Typical recording of vertical saccades obtained by averaging the position signal of the two eyes (LE + RE)/2 (a). Letters “i” and “e” indicate the onset and end of the saccades, respectively; “d” indicates the end of the drift of the eyes at 160 ms after the end of the vertical saccade. Horizontal movements during the vertical saccades (b). Disconjugacy signal of the two eyes (LE − RE) (c).
Figure 2
 
Typical recording of vertical saccades obtained by averaging the position signal of the two eyes (LE + RE)/2 (a). Letters “i” and “e” indicate the onset and end of the saccades, respectively; “d” indicates the end of the drift of the eyes at 160 ms after the end of the vertical saccade. Horizontal movements during the vertical saccades (b).
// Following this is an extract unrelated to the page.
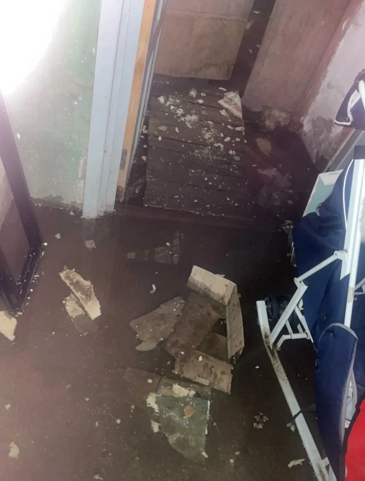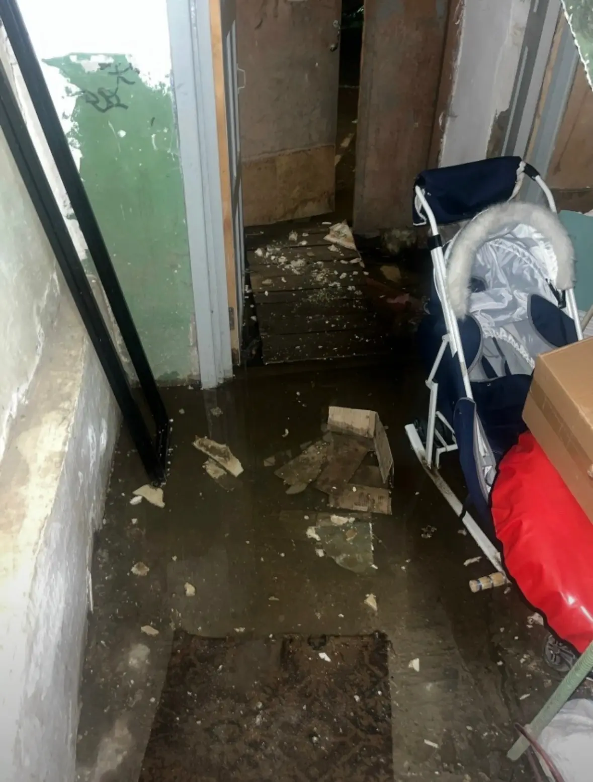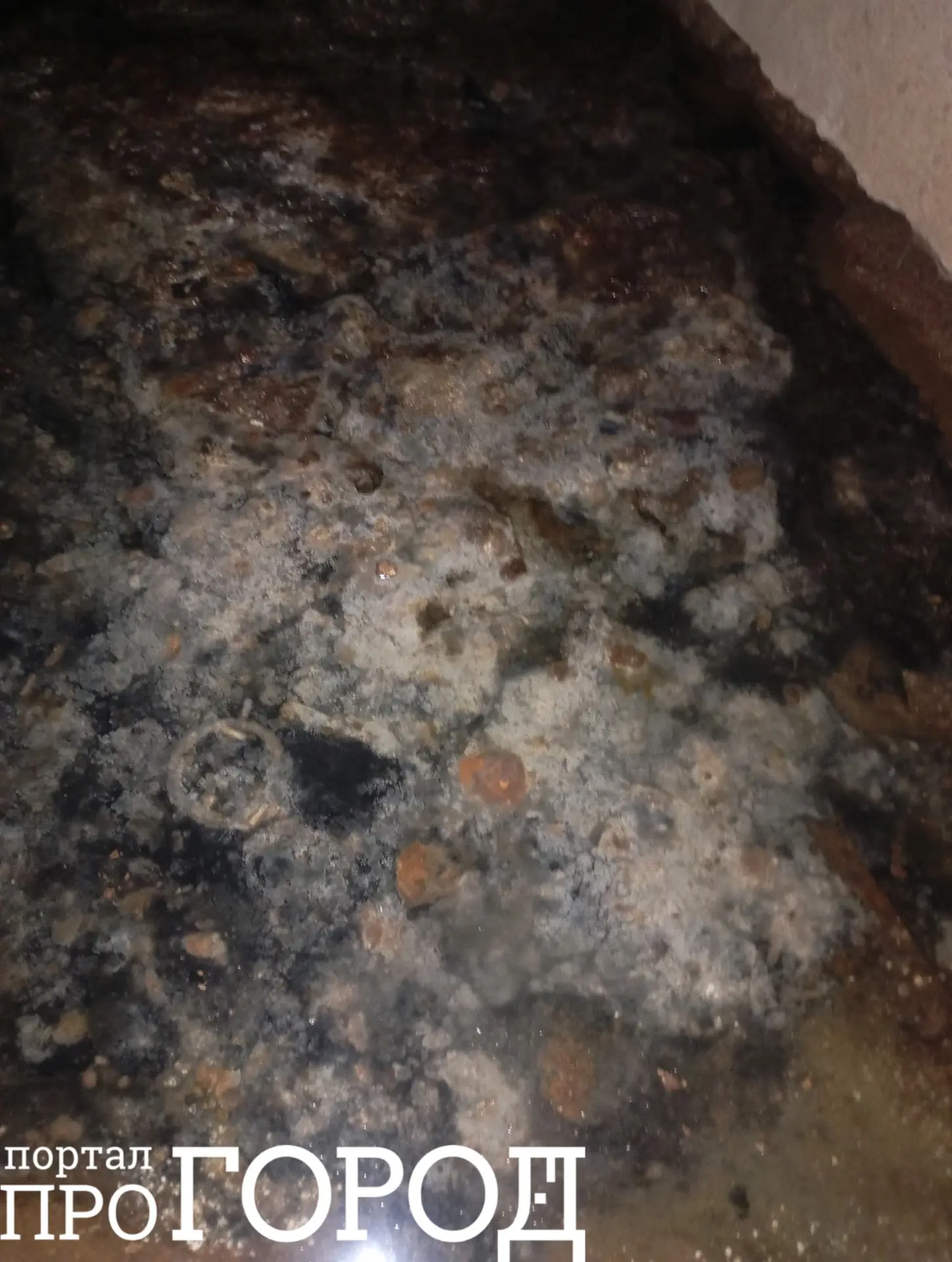 «От двери до лестницы воды по щиколотку. И так каждый год! При входе в подъезд доска пола поломана, а внизу подвал залит полностью водой. В доме живут маленькие дети!
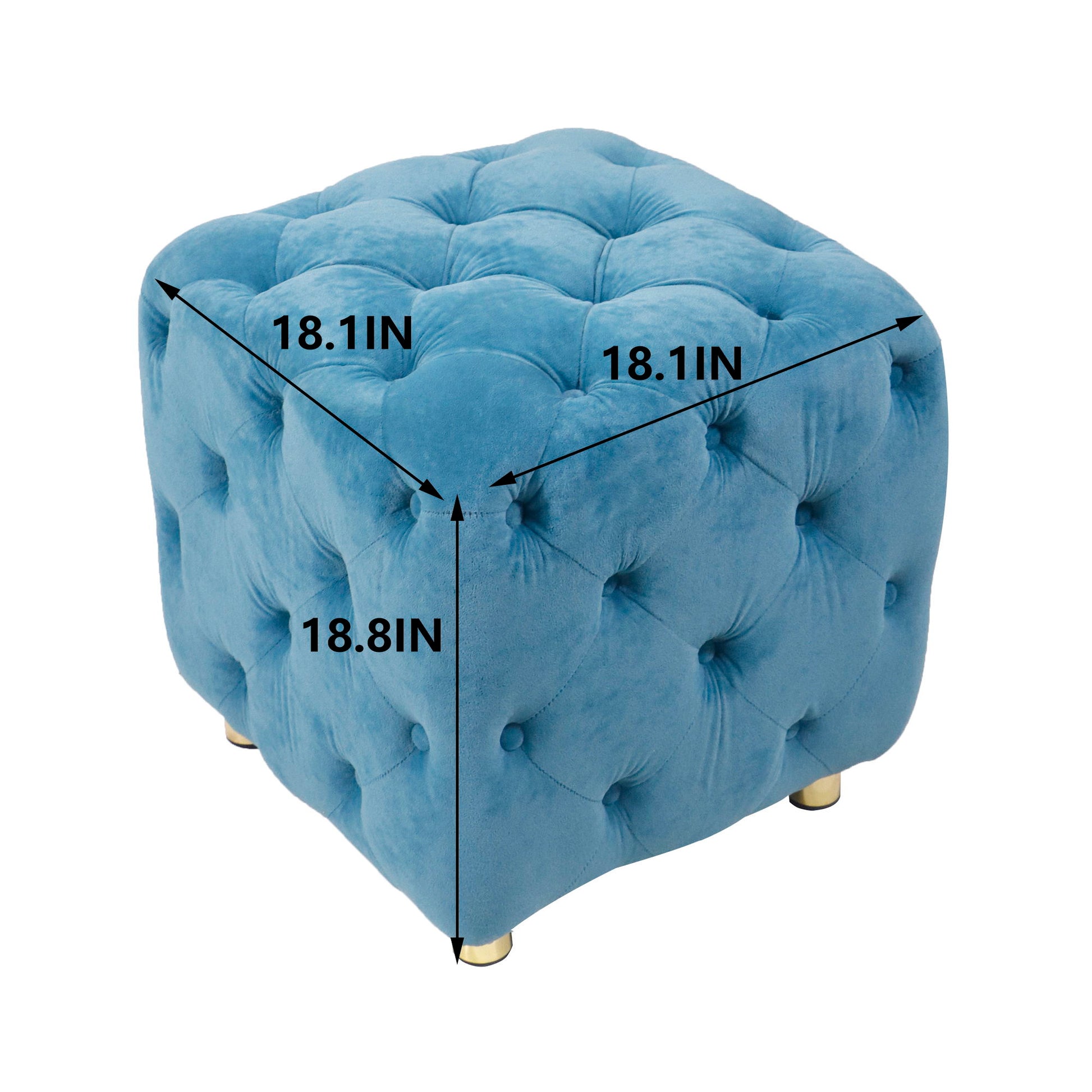 Modern Velvet Upholstered Ottoman, Exquisite Small End Table, Soft Foot Stool, Dressing Makeup Chair, Comfortable Seat For Living Room, Bedroom, Entrance - Blue

Disconjugacy signal of the two eyes (LE − RE) (c).
We measured the following parameters: the latency (i.e., the time between stimulus onset and initiation of saccades); the gain or accuracy of the saccades (ratio movement amplitude/target amplitude); the mean velocity (ratio amplitude/duration), and the maximum velocity of the saccades and their duration. We also examined the amplitudes of horizontal and vertical conjugate components during the vertical saccade and the disconjugate components (vertical and horizontal) during and after the vertical saccades. Eye movements in the wrong direction, with latency shorter than 80 ms (anticipation) or longer than 1000 ms or contaminated by blinks were rejected. Overall, 10% of trials were removed mostly because of blinks, and anticipation was scarce (<3%). 
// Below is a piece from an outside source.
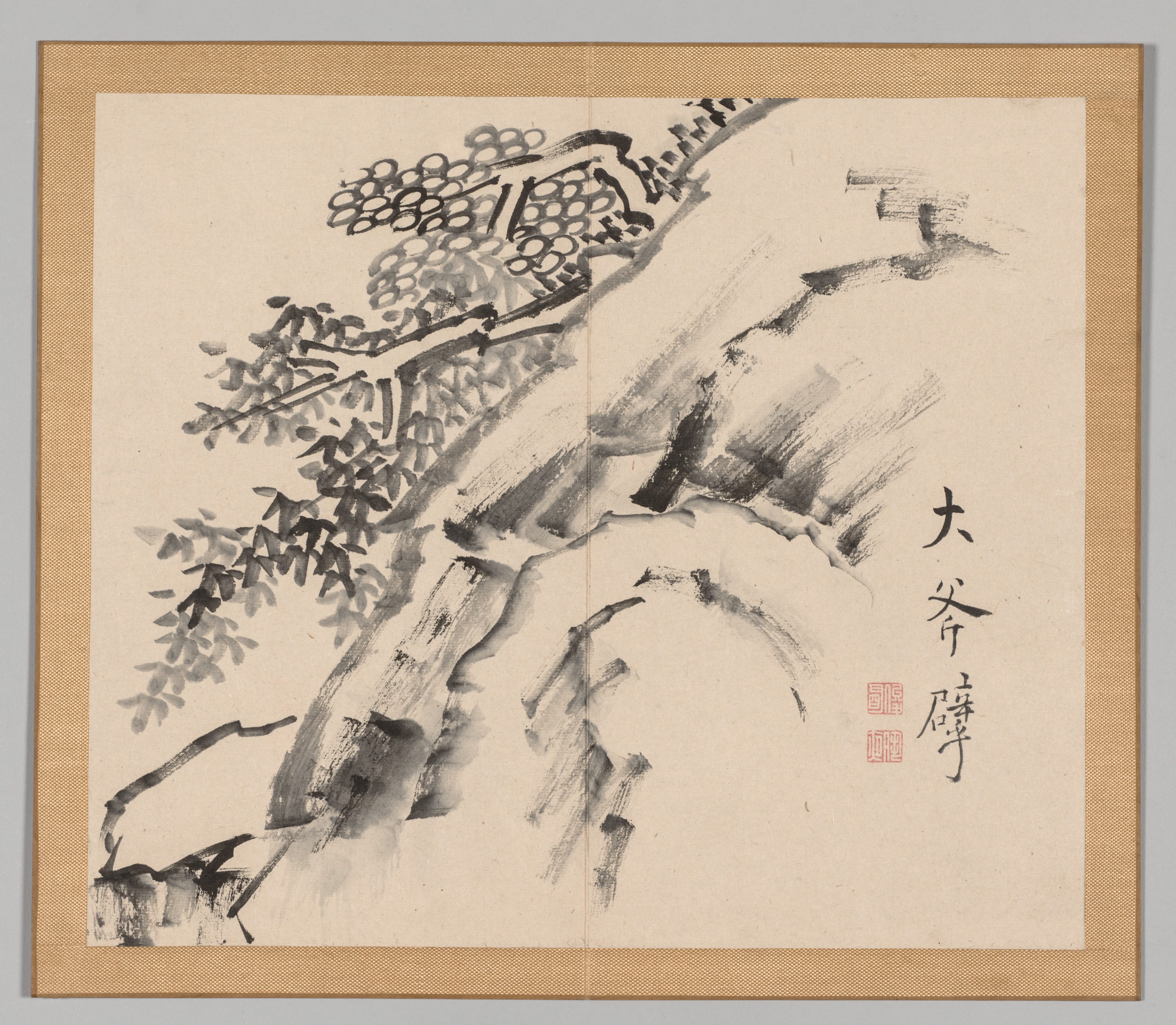 Beige background with brown border. A black and gray painting of a tree branch. The branch runs from bottom-left to top-center. A red seal stamp on bottom-right. More black writing on right.

Age effect was evaluated with a linear regression model applied to the different saccadic parameters, with the children's age (months) as the independent variable and the saccadic parameter for upward and downward saccades as dependant variable. The analysis was done in two distance conditions: at 40 and 150 cm. For up/down anisotropies, we used the Shapiro-Wilk test to test for normality of data distribution. As normality failed, a nonparametric Friedman ANOVA was performed with individual mean parameters with the viewing distance (40 cm or 150 cm) and the direction (upward versus downward) as main factors. Subsequently, the Wilcoxon test was used for pair-wise comparisons. A Bonferroni correction was used to correct for multiple comparisons and lowered the significance level form 0.05 to 0.0125. Finally, we used a Mann-Whitney U test to compare children's and adults' vertical gains and disconjugacy for each distance and direction. 
Results
Effect of Distance and Direction
Temporal Parameters.
Latency of Vertical Saccades.
The Friedman ANOVA revealed a significant effect of condition (χ2(3,26) = 3.43, P < 0.032). Pair-wise comparison revealed a significant difference in latency between upward and downward saccades at far distances (Wilcoxon, Z = 2.01, P < 0.04). The vertical saccade latency at far distance appeared shorter for upward than for downward movements (upward: 298 ± 86; and downward: 339 ± 103). A significant difference was also found for downward saccades between near and far distances (Z = 2.87, P < 0.004). Group means are shown in Figure 3
Figure 3
 
The latency of the vertical saccades for both directions (down and up) at near (black) and at far (white) distances. Vertical bars represent standard error. Asterisks show the significant differences.
Figure 3
 
The latency of the vertical saccades for both directions (down and up) at near (black) and at far (white) distances. Vertical bars represent standard error. Asterisks show the significant differences.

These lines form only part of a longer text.